FDI in the renewable energy segment has grown as a percentage of the total FDI in the country. During the first decade, 2000-01 to 2009-10, the renewable energy segment had a share of merely 0.7 per cent in India’s total FDI ($114.3 billion), whereas the power sector’s share stood at 3.8 per cent. However, in the next 10 years, 2010-11 to 2019-20, there has been a significant shift. While FDI in the power sector has decreased to 3 per cent of the cumulative FDI in India ($342.4 billion), it has increased in the renewable energy segment to 2.4 per cent. Overall, during the past 20 years, the country has seen a total FDI of $456.7 billion, of which the renewable energy segment accounts for 2 per cent while the power sector accounts for 3.2 per cent.

The way forward

Going forward, the achievement of renewable energy targets will only be possible if the pace of tendering activity and installations increases significantly. According to experts, $80 billion-$100 billion will be required over the next three years to achieve the targeted capacity of 175 GW by 2022. The large amount of investment required opens up the market for greater FDI than the segment has received in the past 20 years. The renewable energy segment is a priority industry with 100 per cent FDI allowed through the automatic route. This route suggests that the incoming investment does not require prior government approval. This step is crucial in building investor interest and in enhancing the ease of doing business for the renewable energy segment.

The recent outbreak of the Covid-19 pandemic may have put a spanner in the works for FDI inflows into the renewable energy segment. With cash coffers drying up worldwide and projects delayed in the country, FDI inflows are likely to slow down in 2020-21 and perhaps in 2021-22 as well. This is also the period when high FDI is required to achieve the targets.
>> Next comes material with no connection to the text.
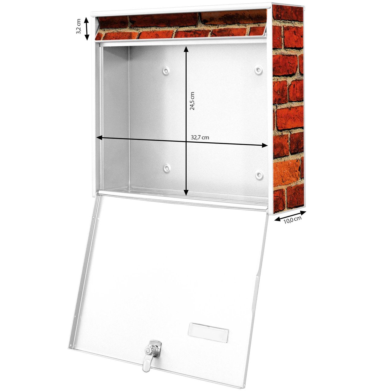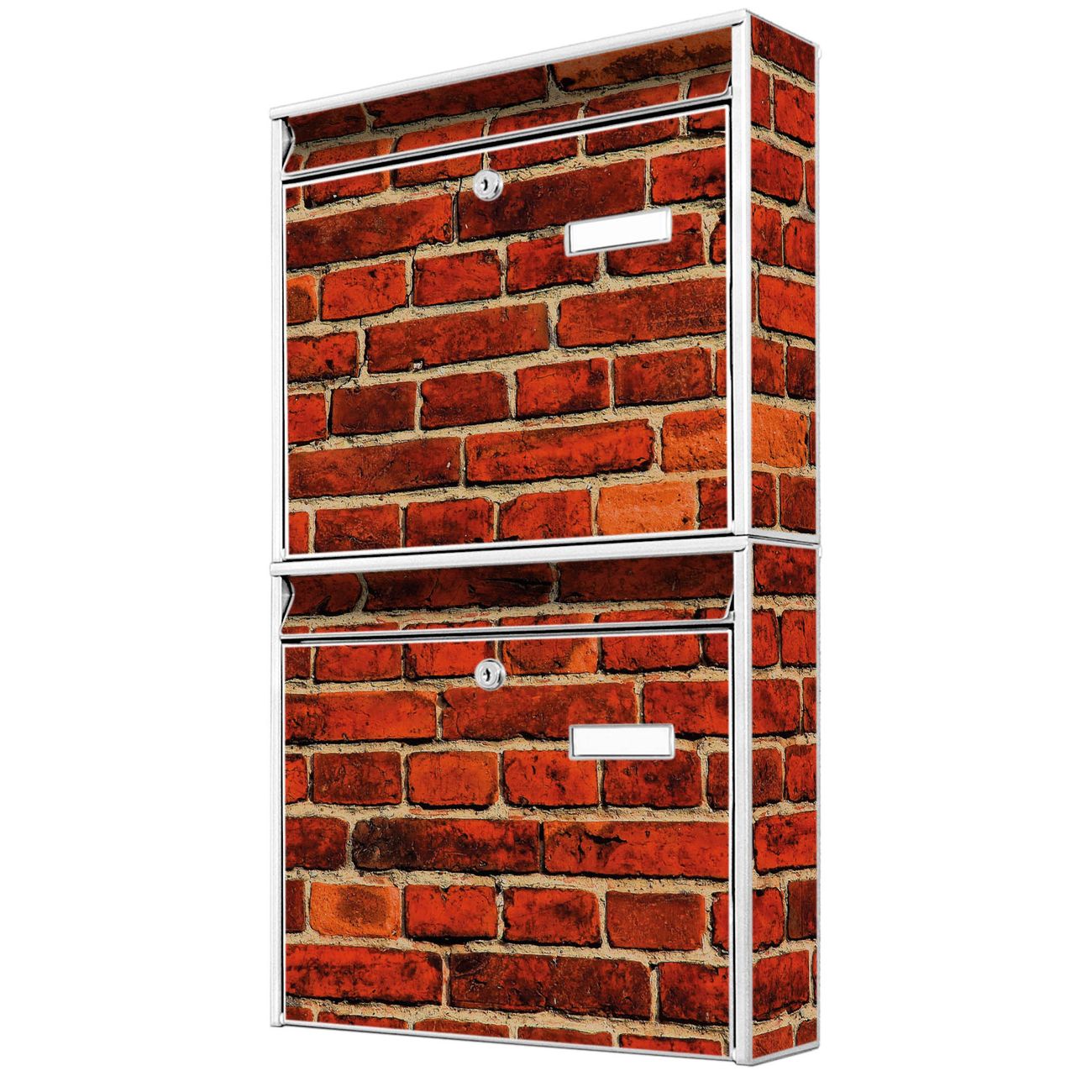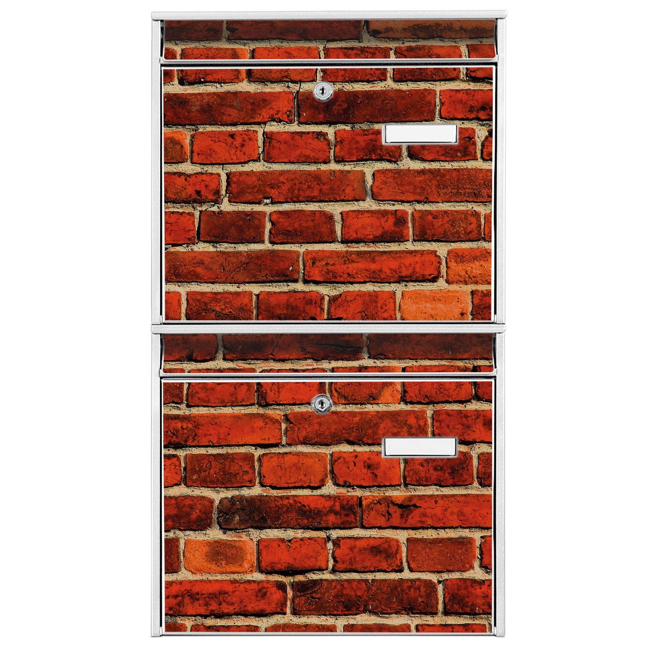 FUNKTION: Die Burg-Wächter Briefkastenanlage mit Motiv Ziegelwand bietet Ihnen ausreichend Fassungsvermögen um auch A4 und C4 Sendungen zu empfangen. Das integrierte Namensschild lässt sich individuell beschriften. Wählen Sie aus den Grundfarben weiß, silber und schwarz. DESIGN: Die 2 Briefkästen haben ein ansprechendes und zeitloses Design, ohne dabei auf Funktionalität zu verzichten. Das Material ist sehr stabil, wetterfest und rostfrei. Durch das Motiv Ziegelwand werden die Postkästen zu einem Blickfang. DETAILS: Die Postkästen bestehen aus verzinktem Stahl der zusätzlich mit Klarlack versiegelt wurde. Die Kästen sind gesamt 64,5cm hoch, 36,2cm breit und 10cm tief. Das Motiv besteht aus einer wetter- und UV-festen Folie, die Ihren Briefkasten zusätzlich vor Kratzern schützt. Die Postkästen werden mit Montagematerial, je einem Namensschild und je zwei Schlüsseln geliefert. NUTZEN: Das Briefkastenset eignet sich für die Wandmontage, die Größe bietet genügend Platz für Sendungen aller Art. Das zeitlose Design sowie die stabile Bauart bieten Ihnen einen treuen Begleiter für Ihre Post. BANJADO:
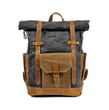 Large capacity outdoor backpack casual student schoolbag large capacity travel backpack canvas stitching leather mountaineering bag

On the bright side, the pandemic and its resulting global economic turmoil may be seen as an opportunity for investors as the country moves towards becoming atmanirbhar or self-reliant in all aspects, including renewable energy. Hence, solar module manufacturing, an element severely lagging behind, is certainly expected to be one of the critical activities that would need large investment under this programme. The next few months will be critical for foreign investors to wait and watch as to how the situation pans out and what economic impact the pandemic leaves on the renewable energy segment in India.